To be a great news photographer, as Boulder’s newspaper’s photo editor Paul Aiken says, “you have to do this.” (He pantomimes holding a camera and taking a huge step forward.) What he’s saying is you have to put fear aside and get close to the subject to capture what’s really happening.

So when our photographers would silently slip back into the newsroom about an hour after we had heard the “code black” on the radio, I would think about the difference between their job and mine. As I’d be toning and cropping one of their photos of the crash scene, I’d put myself behind the lens and think about how I’d deal with that imagery when I went home after work, if it was me stepping close to the bodies instead of viewing them miles away in Photoshop.

I don’t mean to be a buzz-kill here, or take us too far away from music.
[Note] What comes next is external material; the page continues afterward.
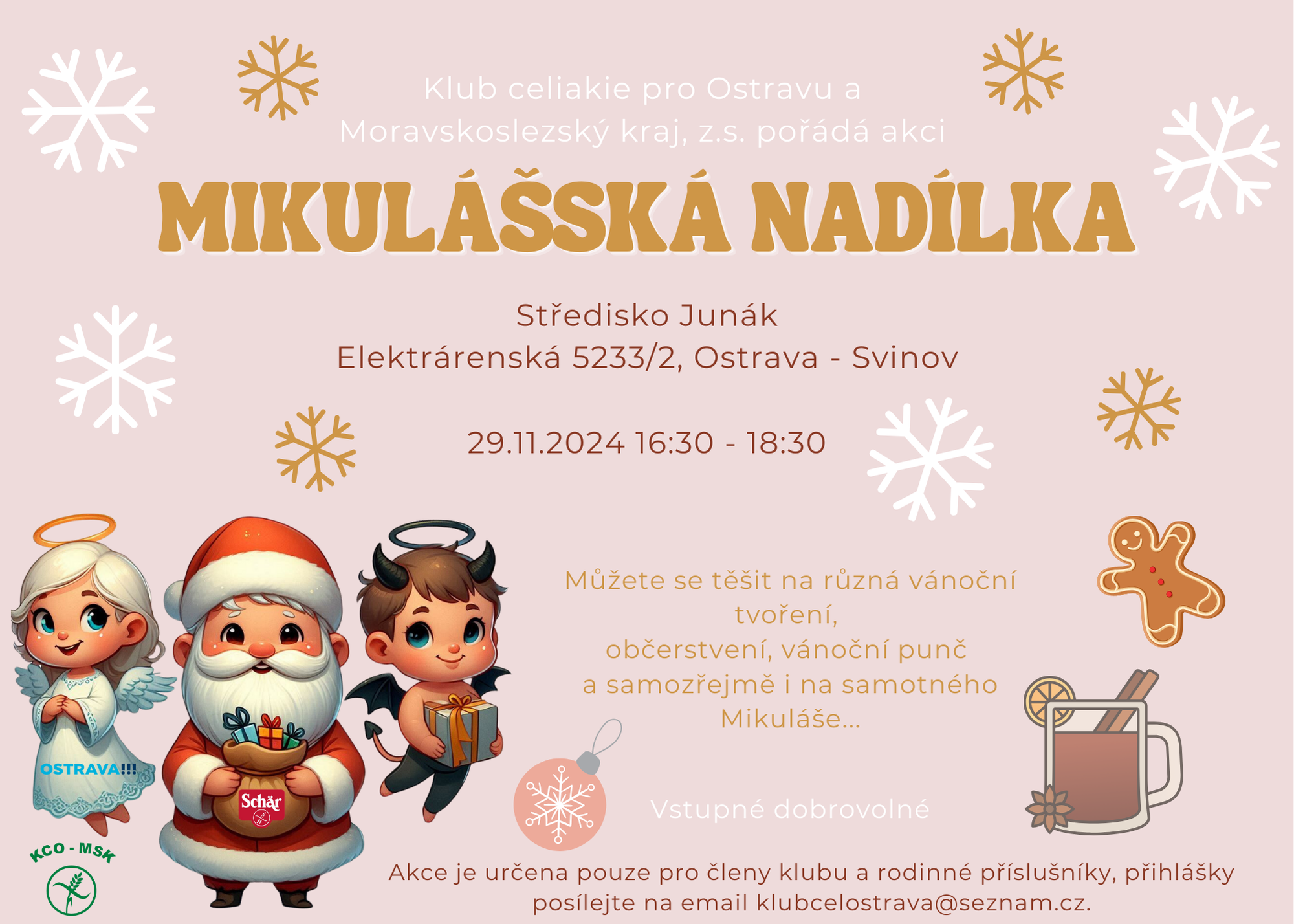 Přijďte se svými dětmi do Střediska Junák, Elektrárenská 5233/2, Ostrava-Svinov v pátek 29.11. 2024 v čase 16:30 - 18:30.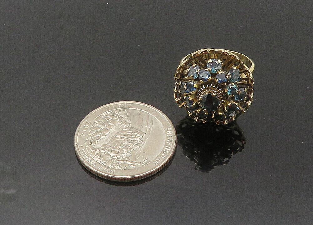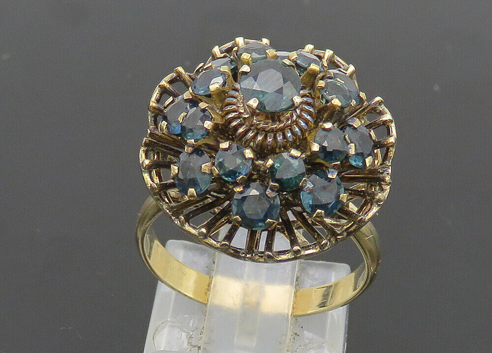 14K GOLD - Vintage Sapphire Floral Victorian Cocktail Ring Sz 7 - GR126

I just want to set up this point well. As my career has moved away from journalism and thoroughly into music from all angles, I’ve seen this concept stick around. Live recording as an engineer could not be more different than taking your time in a studio and being a studio engineer. Yet to some, they are considered roughly the same thing.
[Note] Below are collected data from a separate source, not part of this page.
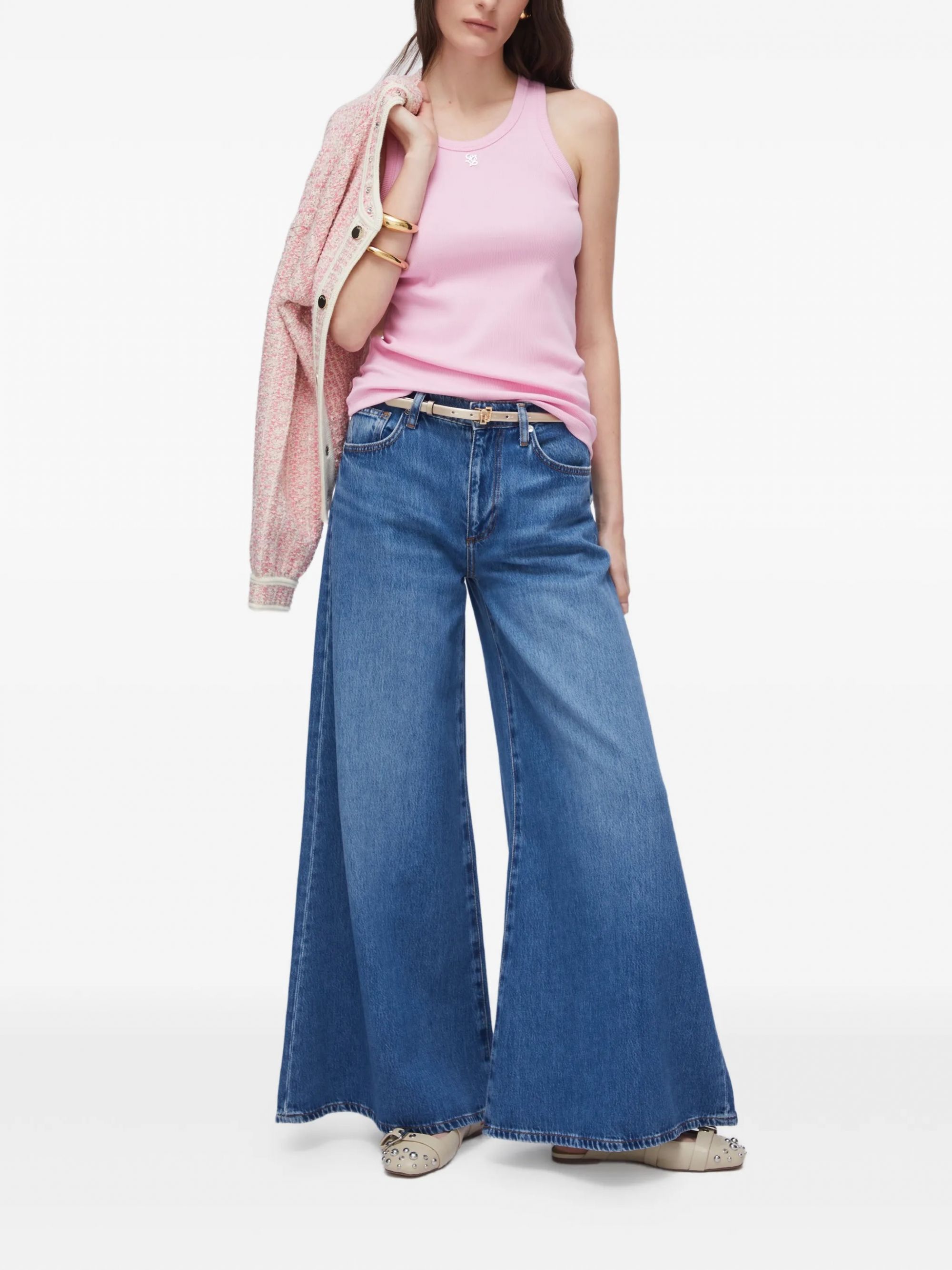 Perfetti per un look casual chic, questi pantaloni si abbinano facilmente con camicie e maglie per ogni occasione. La loro struttura in cotone garantisce durata e una sensazione di morbidezza sulla pelle. Approfitta ora e aggiungi un tocco di eleganza informale al tuo outfit con i jeans a gamba ampia di LIU JO.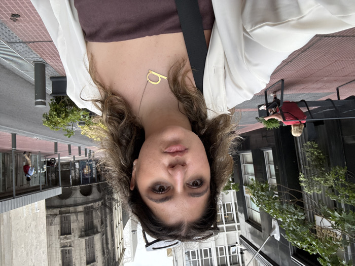 A woman poses for a selfie. She wears a brown top and a light jacket, a necklace with a "b" pendant, and eyeglasses on her head. The background features an urban street scene with a bricked sidewalk, buildings with windows, greenery, and people sitting on benches. A flag is partially visible. The image is somewhat blurry and rotated.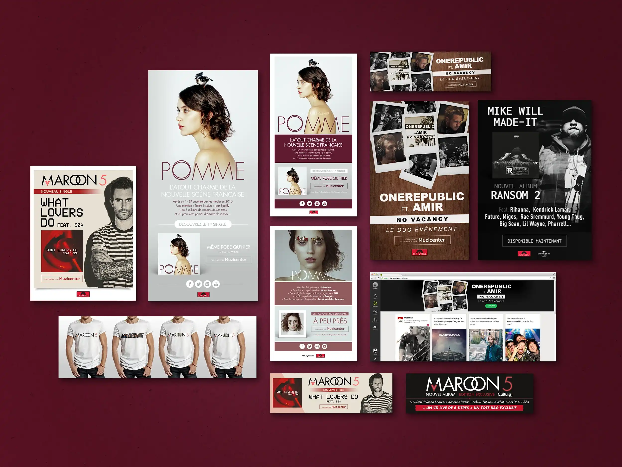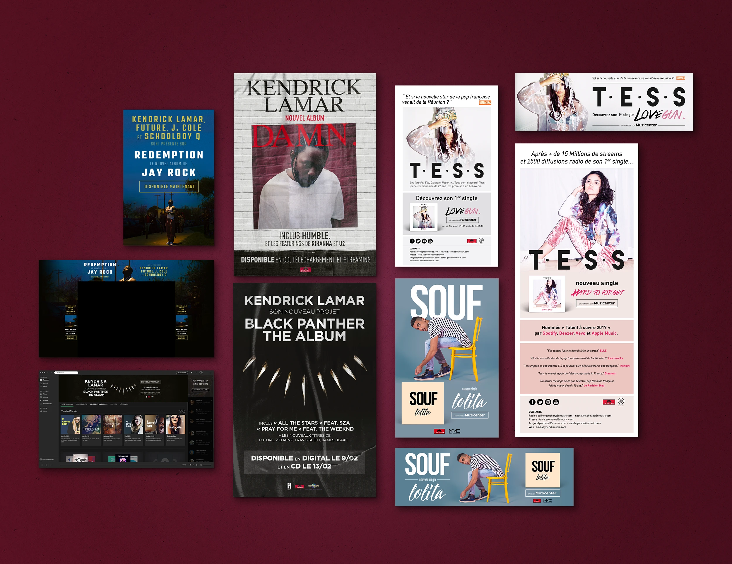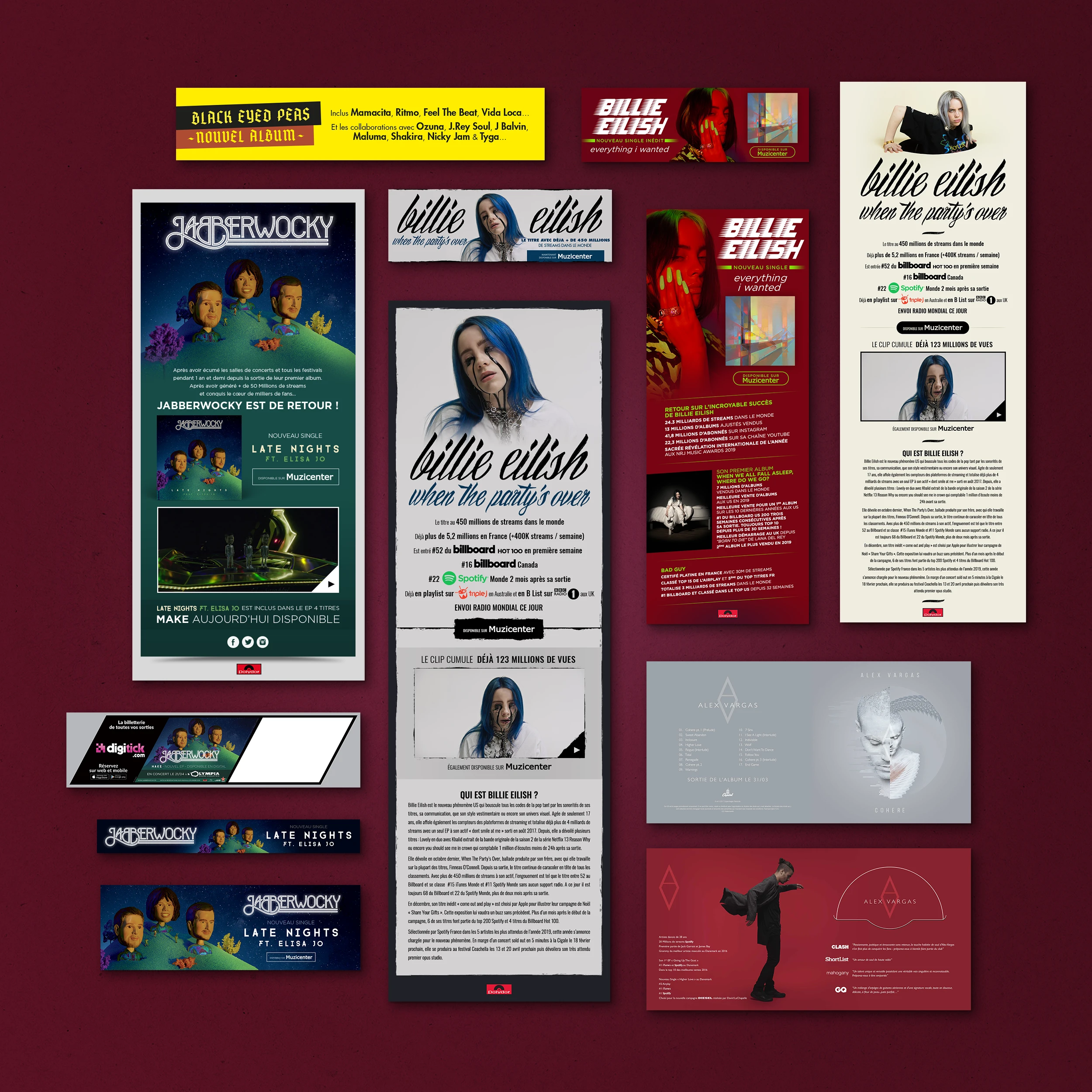 Éléments print : Affichage, pubs presse, flyers, ... Éléments web : Ecards, newsletters, newsletters responsive, mini-site, modules web, vidéos, pubs web, habillages, ...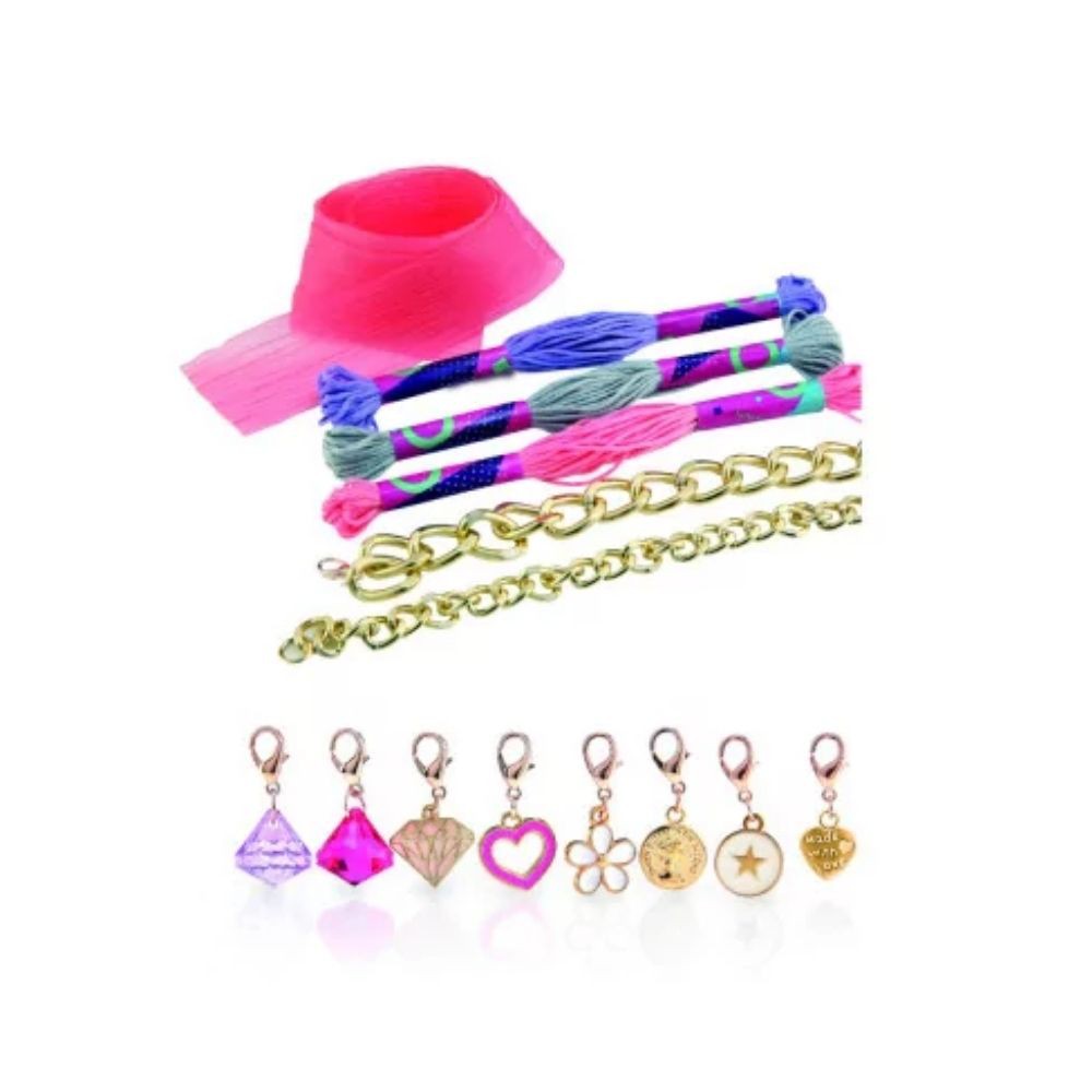 My Style Kit de Pulseiras de Seda da Multikids. Crie uma pulseira com a sua cara. É super fashion, são diversos pingentes e pedrinhas para montar e decorar as pulseira do jeito que imaginar. Características: - Marca: Multikids - Modelo: BR099 * Imagens meramente Ilustrativas Especificações: - Diversos Pingentes Para Montar e Decorar - Idade Recomendada: 6+ Anos - Cor Principal: Sortido - Contém: Braceletes Metálicos, Adornos Observação: - As cores podem variar entre as imagens mostradas acima e o produto - Imagens meramente ilustrativas Dimensões e Peso: - Dimensões (Embalagem A x L x C): 04X 19X 21cm - Peso (KG): 0,148Kg Conteúdo da embalagem: - My Style Pulseiras De Seda com Bracelets Metálicos e Adornos

The photographers and I were both journalists. But like the studio versus the stage, our day-to-day experiences were quite different.

Live sound reinforcement and recording presents many challenges, and those challenges sort of define it, in my experience. To some extent though there is some similarity, and it can look like a stripped down version of studio recording. Just how stripped down is up to the skill of the live engineer, or more likely, limited by the technology at hand and by the time at hand.

A live engineer needs most of the sound of the group to be figured out before the band arrives. Dealing with feedback, frequency balance, coverage and monitors within the limited time window is enough headache — heavy EQ work to make the band’s equipment sound better sometimes isn’t possible.

Live sound relies on a tight schedule. There’s a load-in and sound check for each band. On a bill with multiple openers, the amount of sound tweaking and sweetening is narrowed to the basics and main priorities.

All of this nightmare is gone in the studio, replaced only by the nightmare of cost. But if that’s not an issue (which is hardly ever the case) the studio permits an entirely different approach to the same thing. And in a way it is the same thing — bands come to a live engineer asking to sound great, and they ask the same of a studio tape jockey.

When a band has the space and time to sit down and plan things, to strategize over the soundstage and the spectrum and fret over frequencies, they’re often able to do more and go bigger with their ideas. The studio can sometimes be the best way a complex compositional style can shine.

I came upon this realization early on in my experiences with the quick, one-shot live video recording studio we built just off of Boulder’s newspaper’s newsroom. Given that I was trying to bring studio sensibility and processing to a completely live situation (replete with a punishing schedule), I would sometimes slam right up against the reality that we’d need much more time to do what we were trying to do well.

One such band was a small Denver rock/pop/indie group called Rossonian, named after a historic Denver hotel. These guys have been crafting the compositions of leader Seth Evans into a surprisingly fun and original sound for the last 4 or 5 years.

Rock/pop/indie is a little constrained as a descriptor. I like the way the band refers to its own music, as “hot pop, garage-soul, electro sensual rock & roll.” Their sound and style are fully formed, and one of the reasons they stand out specifically to me is their use of interesting chords and surprising changes and bridges. The range of the singer is impressive, both in pitch and volume. And the lyrics get a check in the poetic and intellectual column for me, even if they occasionally border on the adolescent and angsty side of things.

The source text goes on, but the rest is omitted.